**Given data:**
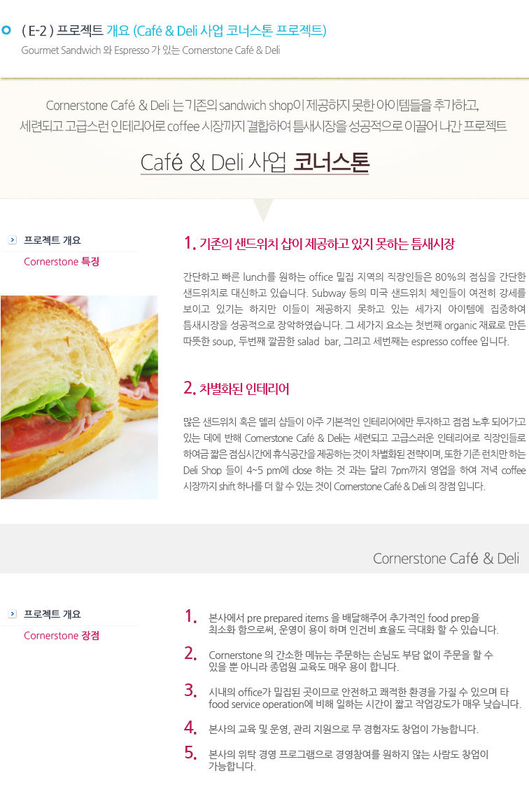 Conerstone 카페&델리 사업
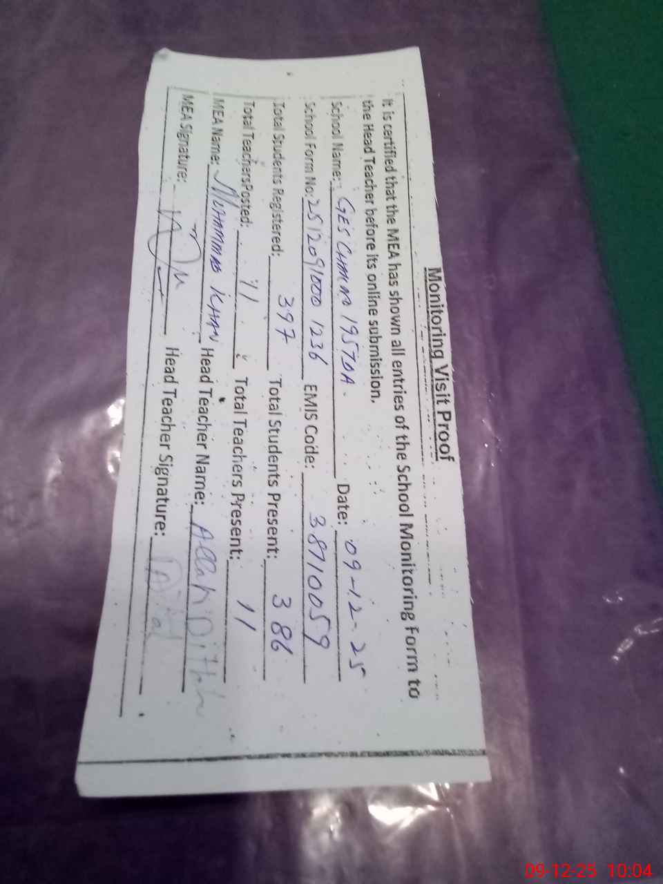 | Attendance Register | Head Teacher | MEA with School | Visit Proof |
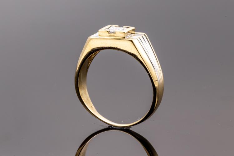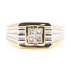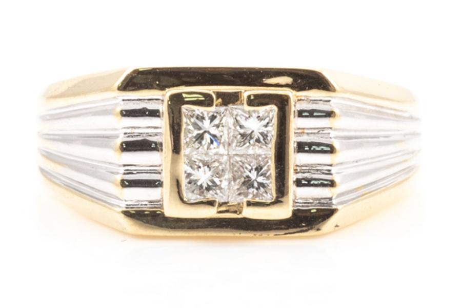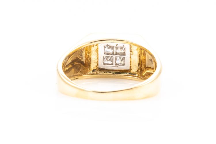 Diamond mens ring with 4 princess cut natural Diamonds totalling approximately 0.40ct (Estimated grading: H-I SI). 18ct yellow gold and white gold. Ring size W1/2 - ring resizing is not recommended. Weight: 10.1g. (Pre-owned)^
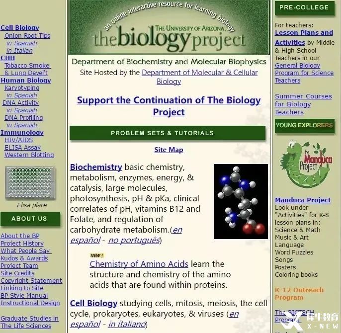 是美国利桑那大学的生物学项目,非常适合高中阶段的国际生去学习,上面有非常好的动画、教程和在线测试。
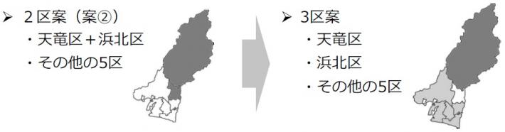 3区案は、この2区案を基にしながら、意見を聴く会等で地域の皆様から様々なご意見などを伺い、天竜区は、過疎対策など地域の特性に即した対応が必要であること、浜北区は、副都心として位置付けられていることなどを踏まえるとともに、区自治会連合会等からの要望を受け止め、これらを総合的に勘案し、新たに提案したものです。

---

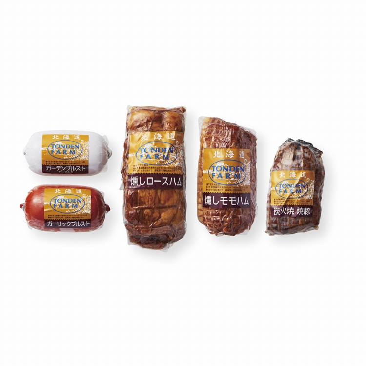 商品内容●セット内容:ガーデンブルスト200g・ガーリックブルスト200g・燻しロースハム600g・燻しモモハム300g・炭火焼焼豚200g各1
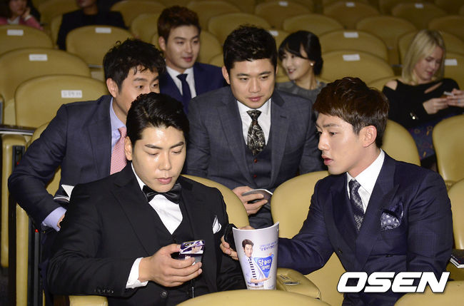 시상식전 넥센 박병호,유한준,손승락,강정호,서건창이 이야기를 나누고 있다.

**Aim of the task:**
Above are some records. Output exactly the lines from the one that contains "Conerstone 카페&델리 사업" to the one that contains "3区案は、この2区案を基にし", keeping both, and omit the pictures.

**Answer space:**
 Conerstone 카페&델리 사업
 | Attendance Register | Head Teacher | MEA with School | Visit Proof |
 Diamond mens ring with 4 princess cut natural Diamonds totalling approximately 0.40ct (Estimated grading: H-I SI). 18ct yellow gold and white gold. Ring size W1/2 - ring resizing is not recommended. Weight: 10.1g. (Pre-owned)^
 是美国利桑那大学的生物学项目,非常适合高中阶段的国际生去学习,上面有非常好的动画、教程和在线测试。
 3区案は、この2区案を基にしながら、意見を聴く会等で地域の皆様から様々なご意見などを伺い、天竜区は、過疎対策など地域の特性に即した対応が必要であること、浜北区は、副都心として位置付けられていることなどを踏まえるとともに、区自治会連合会等からの要望を受け止め、これらを総合的に勘案し、新たに提案したものです。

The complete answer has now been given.